In my quick assessment, the need for faster counts over lots of data is subsumed by materialized views, which unfortunately is a very tough feature to write, but has the advantage of generally considered being being worth it. A cut-down version of materialized views that just supports counting on various dimensions that adds more bulk to the planner as well as requiring execution maintenance and bug-fixing seems less-worth it. Somewhere in-between is a variant that supports more aggregate functions besides count(), particularly ones where one can define an inverse transition function (which in the case of count is "add one for every record").

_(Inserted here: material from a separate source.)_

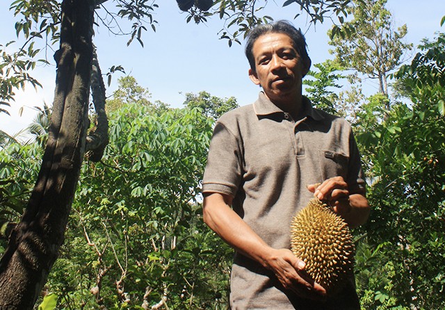 MENGGIURKAN: Winanto, anak keempat penemu durian ripto, menunjukkan durian dari pohon di depan rumahnya. (HENNY SURYA AKBAR PURNA PUTRA/RADAR TRENGGALEK)

There are many interesting features one could add -- and this is one of them -- but at the end of the day there is going to be an assessment by the long-time community members who have the privilege of fixing obscure bugs for years as to:
* Who is going to write it?
* How long will it take vs. other features?
* Is a feature is going to be maintained to a level of quality we find acceptable into the foreseeable future?
* Is the impact worthwhile?
* Could this in any way be done as an extension?
The level of the bar of quality has changed over time, too, pretty much inexorably moving up. Getting LISTEN/NOTIFY in now would be much harder than when it showed up in...Postgres95 (and, granted, it was pretty busted back then, apparently, along with...a lot of stuff). LISTEN/NOTIFY turned out to have a good impact/complexity ratio, so it gets good maintenance, but in a hypothetical world where it was not already committed with a good history of service and use I bet it would have required quite some convincing to add.
There is some old code in existence now that would not be accepted again today. A more sad example is dusty implementation of hash indexes that thankfully few people use or see reason to use. Hash indexes possess ample warnings in the manual to not use them. Yet, it doesn't seem reasonable to deprecate them for people that rely on them, and nobody seems to care enough to improve it, or even convincingly whine about improving it. The community is pretty sensitive to these code barnacles, so if one goes in wanting such a feature, one has to be well-prepared to argue both feasibility of implementation and size and duration of impact.